32 yrs F,P2 A0,with a history of disturbed mens cycle,polymenorrhoea and prolonged bleeding,cycle...8-10/15-20days since 6 months.her usg report shows...a TO mass of mixed echo gene city right lateral to uterus.USG print given below. Ca125-15.4, TSH-2.1 HB,CBC normal..what should be her management.
D/d of to masses are endometriosis, tubercular, pid nd ovarian tumours. This case can be pid give a course of antibiotics , get her hormone profile done thyroid nd prolactin. If pertaining only to ovaries or a case of endometriosis can be kept on oral contraceptives.
think of diagnostic scopy and treat To Mass by excision with contralateral salphingectomy with hysteroscopy to rule out endometrial pathology if normal u can try medical ablation thermal ablation also alternative
Abdominal hysterotomy.
32yrs p2 with irregular men's u s t o mass she can be pid endometriosis or tub first detailed. any ho dys menorrea fever low grade loss of wt inv thyroid profile e s r montoux give her course of antibiotic no response do hystero with lapro in premenstrual phase do curettage t o mass can be removed under laparoscopy other side salpingectomy can be done
Total hysterectomy
Polymenorrhoea must be due to pelvic inflammatory disease. Put her on combination antibiotics and then remove tubo ovarian mass either laparoscopically or by open method.

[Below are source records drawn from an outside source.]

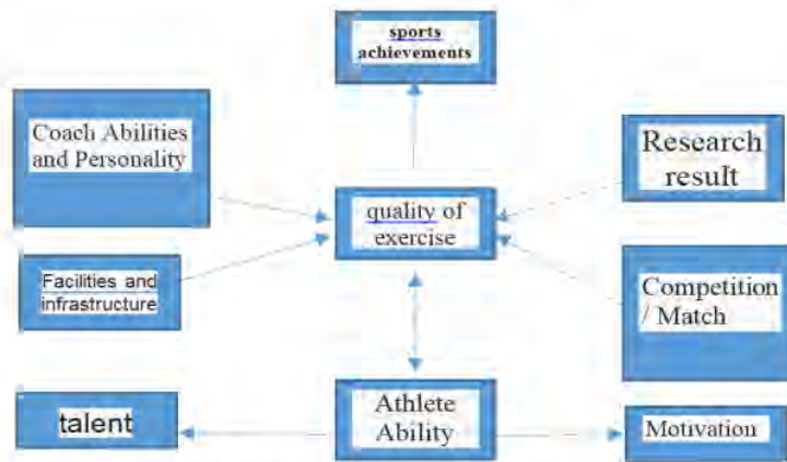
4 Figure 1. Factors Affecting Exercise Quality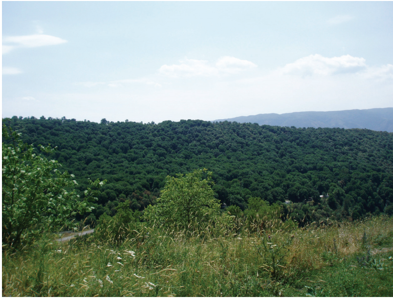
Walnut forest in Kyrgyzstan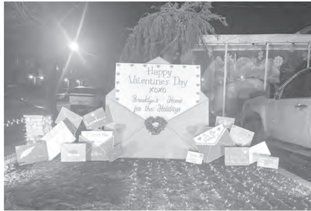
Love letters abound on the left lawn.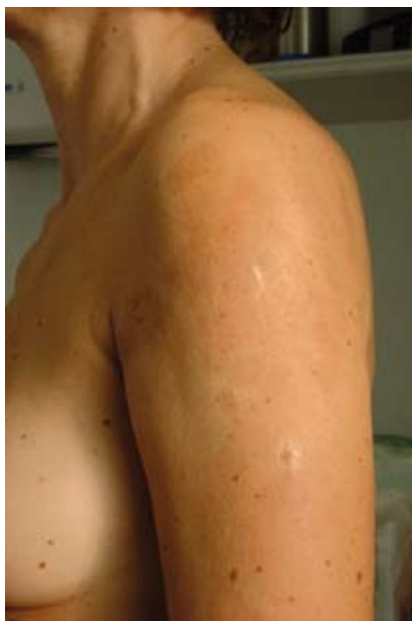
Figure 3. The condition after three months of treatment: plaque regression and slight pigmentation.

Pratap Madam and Vasundhara Madam please give your opinions..
Excision of the t o mass, start oral pills for few months if there is no improvement then go for endometrial ablation.
thanx all of you..
I think we should proceed with laparoscopy followed by diagnostic hysteroscopy and D&C. Endometrial polyp and other Endometrial pathology should be ruled out by doing hysterscopy and D&C.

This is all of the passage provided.